Do ask which brand of COVID-19 vaccine is given to you, advises an expert Dr Vipin M. Vashishtha; that and 14 other questions that you may seek answers for
Kavita Majumdar
- “Both Covishield or Covaxin vaccines are going to have equal efficacy against the severe disease.”
- The government has advised not to administer Covishield vaccines to pregnant and lactating mothers.
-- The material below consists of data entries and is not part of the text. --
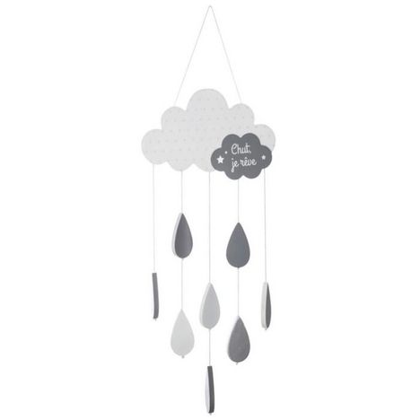Informations Techniques : Dimensions : L. 23,8 x l. 1,3 x H. 57,5 cm Matières : MDF, Coton & Fer Spécificités : Pratique & Déco Élément à suspendre Texte : Chut, je rêve Poids : 0,272 kg Couleur : Gris
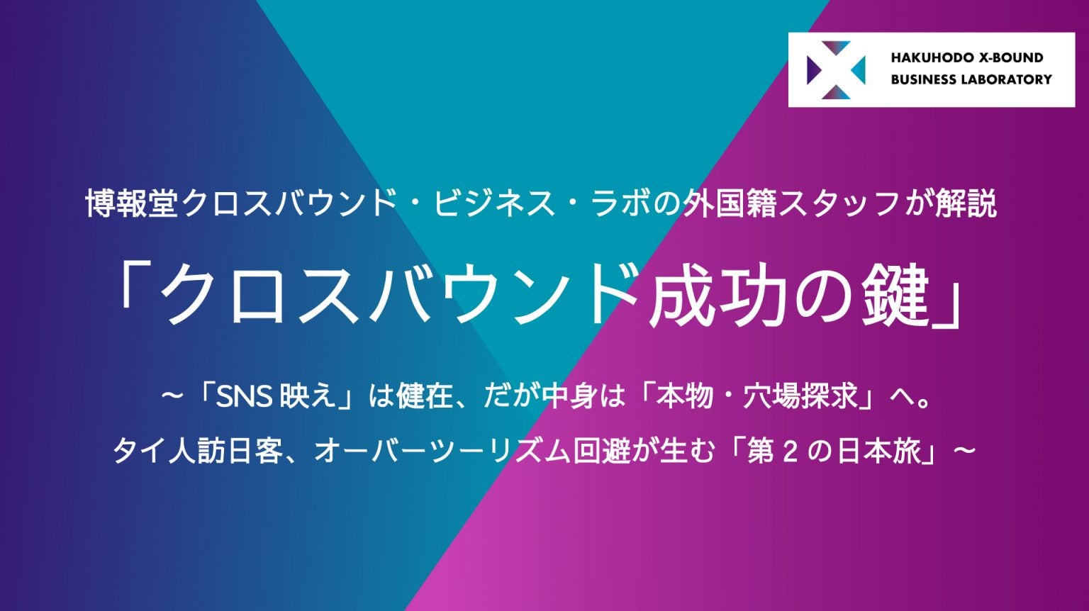 したがって、タイ市場におけるクロスバウンド戦略は、「日常的なリピート購入」を狙うよりも、「日本でしか買えない・体験できない価値」をSNSで発信し続け、ブランドへの憧れを維持させることに注力することも一つのアプローチだと考えられます。
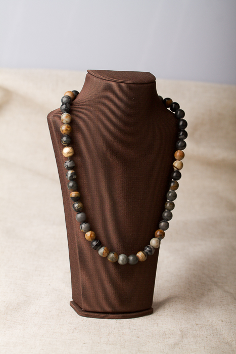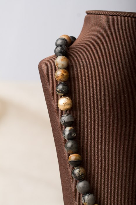 Stencollier 47 cm, silvercollier 80 cm, guldlås 10,5 mm
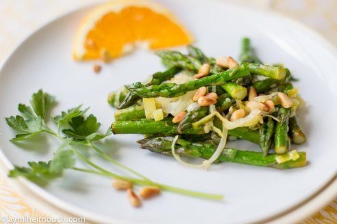 Sauteed asparagus and leeks with orange zest and toasted pine nuts
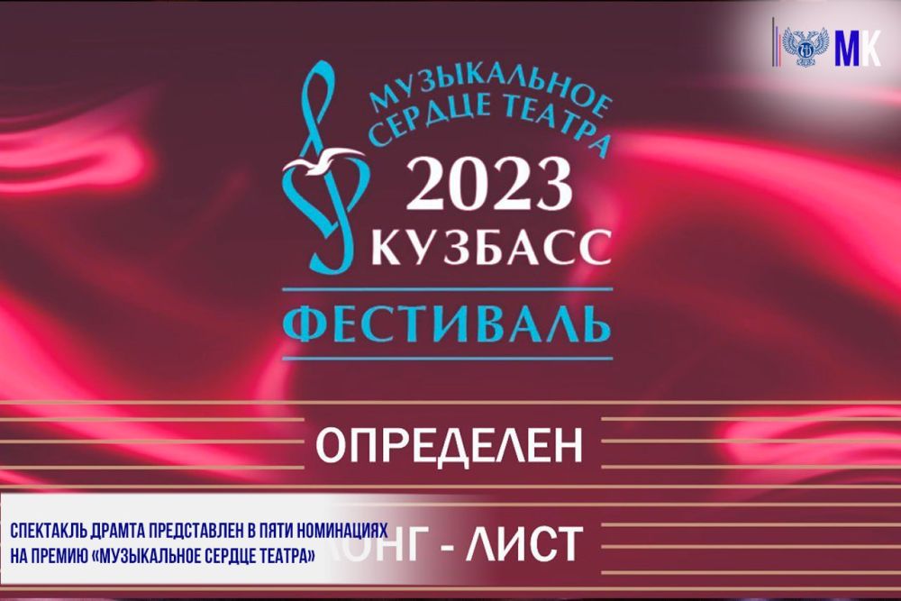 СПЕКТАКЛЬ ДРАМТА ПРЕДСТАВЛЕН В ПЯТИ НОМИНАЦИЯХ НА ПРЕМИЮ «МУЗЫКАЛЬНОЕ СЕРДЦЕ ТЕАТРА»Донецкий республиканский академический молодежный театр в начале 2023 года подал заявку на участие в Национальном Фе
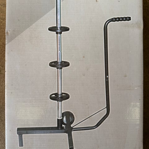 Dækvogn med stativ til opbevaring og transport af hjul og dæk. Vognen har lodret stativ med flere ringe til placering af hjul oven på hinanden. Nederst er der hjul, så vognen kan køres rundt, samt et håndtag til at styre og trække vognen. Egnet til opbevaring af bilhjul eller andre hjul i garage, værksted eller lignende.
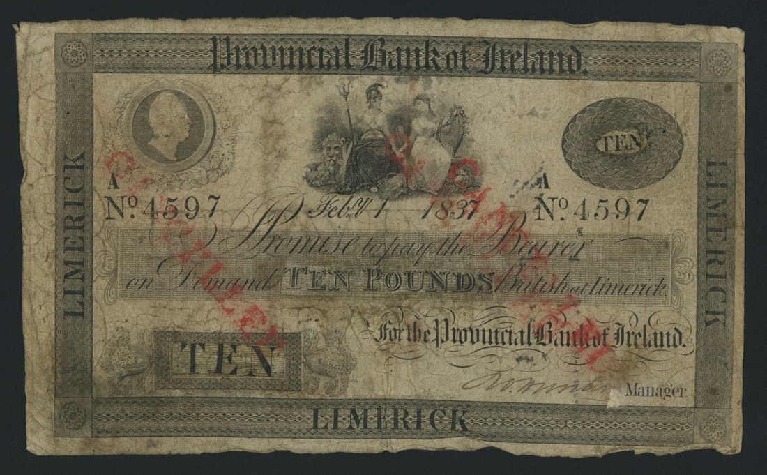 Provincial Bank of Ireland, [FORGERY] £10, Limerick, 1st February 1837, serial number A 4597, stamped 'CANCELLED', contemporary forgery,
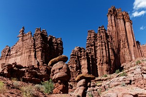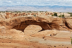 Freitag, 29.9. La Boca Arch, Covert Arch und Fisher Towers Wetter: zunächst Schleierwolken, ab mittags sonnig, 23 °C Zum Frühstück gibt es Rührei mit Toast, einen Joghurt und eine Banane. Man kann sich auch Waffeln backen. Beim Safeway lassen wir uns noch Sandwiches zum Mitnehmen machen. Diesen Tag Richtung Utah haben wir in die ursprüngliche Planung, in der es nur nach Colorado und New Mexico gehen sollte, eingeschoben, nachdem wir die beiden Übernachtungen am Anfang unserer Tour storniert hatten. Um 7.25 Uhr verlassen wir Grand Junction in leichtem Regen. Der ganze Himmel hängt voll dunkler Wolken. Auf der I-70 geht es nach Westen, und erst hinter der Grenze nach Utah wird das Wetter besser. Nach einer Stunde Fahrt erreichen wir den Exit 193 “Yellow Cat”. Wir folgen einer Beschreibung aus dem Internet und dem Navi und fahren nach Süden. Richtung Westen kann man den Arches National Park sehen. Die Dirt Roads sind bei trockenem Wetter normalerweise mit einem PKW befahrbar. Nach 45 Minuten parken wir oberhalb der Sandsteinformation, in der sich der La Boca Arch befindet. Es geht durch eine Lücke im Zaun keine 10 Minuten auf einer 4WD-Piste weiter, bis man sich direkt vor dem großen Felsbogen befindet. Dann laufen wir noch um die Sandsteinformation in nordöstlicher Richtung herum, und keine 10 Minuten später sieht man oben in den Felsen den Harold's Arch, zu dem man auch hinaufklettern kann. Allerdings mussten wir ihn trotz GPS-Koordinaten erst noch eine Weile suchen, und dann haben wir noch ein bisschen auf die Sonne gewartet, so dass wir erst nach gut einer Stunde wieder am Auto waren. Nun geht es ein Stück auf der Straße zurück, auf der wir gekommen waren, dann biegen wir Richtung Westen ab und nähern uns der Ostseite des Arches National Parks. Diese Straße ist zum Teil leicht sandig, und es gibt zwei Stellen, an denen man High Clearance benötigt. Auf dem Rückweg haben wir an einer Steinstufe einmal aufgesetzt. Wir parken schließlich vor einem Zaun mit einem Schild mit Informationen zu den Verhaltensregeln im Arches NP. Um 11 Uhr laufen wir los. Es geht noch ein Stück die Straße weiter, bis sie sich gabelt, wo wir den Abzweig nach rechts nehmen. Rechterhand des Wegs befindet sich eine Sandsteinklippe. Auf der Höhe von deren Ende schlägt man sich querfeldein Richtung Nordwesten. Man durchquert einen Wash und läuft dann möglichst auf Slickrockfelsen oder im Sand weiter, um nicht auf die empfindliche Vegetation zu treten. Nach 45 Minuten (3,2 Kilometern) stehen wir vor dem Lost Spring Canyon mit Blick auf den massigen Covert Arch in der Felswand gegenüber. Man könnte nun auch noch zum Arch hinabsteigen, aber das ist uns bei der abschüssigen Canyonwand doch etwas zu heikel. Nach einer kurzen Pause machen wir uns auf den Rückweg und sind um 12.45 Uhr wieder am Auto. Nun essen wir noch unsere Sandwiches und machen uns auf die Rückfahrt. Eine Stunde brauchen wir von hier, bis wir wieder auf der I-70 sind. Bis zur Abfahrt Cisco fahren wir zurück nach Osten. Nach weiteren 45 Minuten erreichen wir den Parkplatz an den Fisher Towers. Um kurz vor 15 Uhr starten wir auf dem 2,2 Meilen langen Trail, auf dem 670 Fuß an Höhe zu überwinden sind. Der Hin- und Rückweg ist mit 3-4 Stunden angegeben. Vor drei Jahren Mitte Juni haben wir die Wanderung nach der Hälfte mit Blick auf den Titan wegen 35 °C Hitze abgebrochen. Auch bei 23 °C und einer kühlen Brise wurde es uns heute schnell ziemlich warm auf dem Trail. Aber diesmal schaffen wir es bis zum Ende. Nach einer Stunde und 15 Minuten sind wir dort. Die Aussicht von der Felskante auf die Fisher Towers, hinab ins Castle Valley und auf den Onion Creek sind klasse. Die roten Felsen erstrahlen jetzt auch im besten Licht. Nach einer kurzen Pause laufen wir zurück und sind nach einer Stunde wieder am Auto. Um 17.30 Uhr machen wir uns auf die 1,5stündige Rückfahrt nach Grand Junction. Pünktlich zum Sonnenuntergang um 19 Uhr sind wir wieder am Hotel. Nach einer schnellen Dusche geht es ins nahegelegene Applebee`s zum Abendessen. Für mich gibt es Maccaroni-Cheese mit Bacon und Chicken und für Volker ein kleines Steak mit Mashed Potatoes und Brokkoli. Wir haben das Angebot für $25 für zwei inklusive einer Vorspeise genommen, wo wir uns für den Caesar Salad entschieden haben. Zusammen mit zwei Getränken zahlen wir $35 plus Trinkgeld. Gefahrene Meilen: 234 Übernachtung: Ramada Inn, Grand Junction ($69 mit Rabatt + Tax)
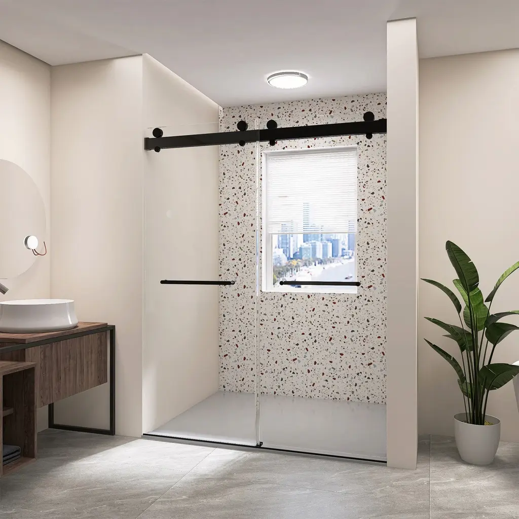 Double Sliding Frameless Shower Door With Clear Glass - 72" X 79" - Matte Black

- For people who have already been infected, the government advises that after 14 days of acute infection, a person can be vaccinated irrespective of his/her antibodies report.
- Check out the latest news and updates on Business Insider.
Business Insider approached Dr Vipin M. Vashishtha — who is currently the editor-in-chief at Indian Academy of Pediatrics (IAP) Textbook of Vaccines and former convener, IAP Committee on Immunization, plus he is also a consultant paediatrician at Mangla Hospital & Research Center, Bijnor, UP — to answer some of the other lingering questions we may have about the vaccine.
What are the different types of Covid-19 vaccines?
Basically, there are two types of vaccines: first, those developed on protein-based technique, and second, developed by gene-based technique/platform. Genetic platforms are more recent than the conventional protein-based techniques. A genetic material (nucleic acid) of the virus is used to produce proteins inside the cell in the former.
They are three types of vaccines:
a) Viral vector - where a harmless virus is used to carry a gene encoding the spike protein of SARS-CoV-2.
b) DNA - the gene encoding for spike protein is inserted in a bacterium that converts in the nucleus of a cell to mRNA and forms spike protein.
c) mRNA (a messenger RNA developed in a lab to carry instruction to form spike protein without entering the nucleus of the cell.
The live attenuated vaccines contain a genetically weakened virus that replicates to a limited extent, causing no disease but inducing immune responses similar to that induced by natural infection. The protein-based vaccines include inactivated (a killed virus is used as a vaccine), protein subunit (a part of the whole virus) and virus-like particle (only outer cover/shell of the virus) vaccines.
Are all Covid-19 vaccines equal? Which is the most efficacious vaccine candidate so far?
Not all vaccines are going to be successful, nor all are going to be equally efficacious against Covid-19 diseases. One vaccine by the University of Queensland was terminated because it yielded a false-positive HIV test in participants.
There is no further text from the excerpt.